*Aim of the exercise:* Pictures are to be left out; otherwise, copy exactly the lines from the line containing "وتشير الوثيقة الصادرة" through the end of the data.

*Raw data:*
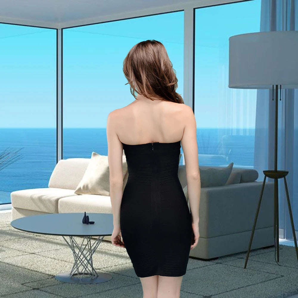 HQBORY 2026 women white Elastic Knitted Celebrity Strapless Mini Sexy Bandage Dress Red sexy party dresses bodycon vestido
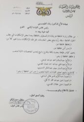 وتشير الوثيقة الصادرة من رئيس سلطة برلمان الشرعية سلطان البركاني والموجه إلى رئيس مجلس القيادة الرئاسي رشاد السامعي، باقتراح البركاني تغيير كلا من محافظ المحافظة ومدير الأمن لحل ما وصفه بالإشكالات العاجلة.
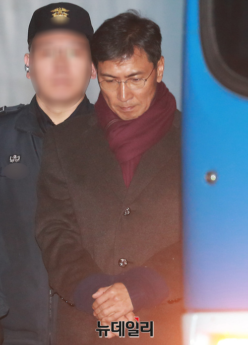수행비서 성폭행 관련 혐의로 기소된 안희정 전 충남지사가 1일 오후 서울 서초구 서울중앙지법에서 열린 2심에서 징역 3년 6개월을 선고받고 구치소로 이동하기 위해 호송타로 이동하고 있다.
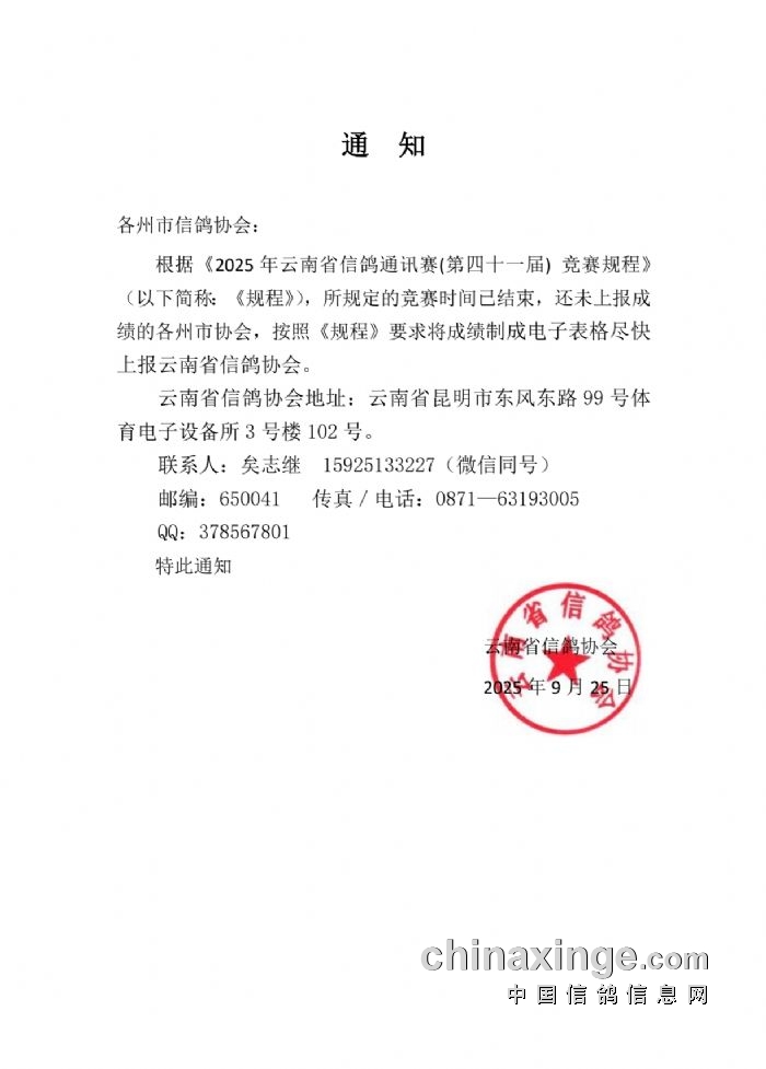 云南省信鸽协会关于《2025年第二十五届信鸽国家赛(云南西双版纳、保山龙陵赛区)竞赛规程》的通知

*Answer section:*
 وتشير الوثيقة الصادرة من رئيس سلطة برلمان الشرعية سلطان البركاني والموجه إلى رئيس مجلس القيادة الرئاسي رشاد السامعي، باقتراح البركاني تغيير كلا من محافظ المحافظة ومدير الأمن لحل ما وصفه بالإشكالات العاجلة.
수행비서 성폭행 관련 혐의로 기소된 안희정 전 충남지사가 1일 오후 서울 서초구 서울중앙지법에서 열린 2심에서 징역 3년 6개월을 선고받고 구치소로 이동하기 위해 호송타로 이동하고 있다.
 云南省信鸽协会关于《2025年第二十五届信鸽国家赛(云南西双版纳、保山龙陵赛区)竞赛规程》的通知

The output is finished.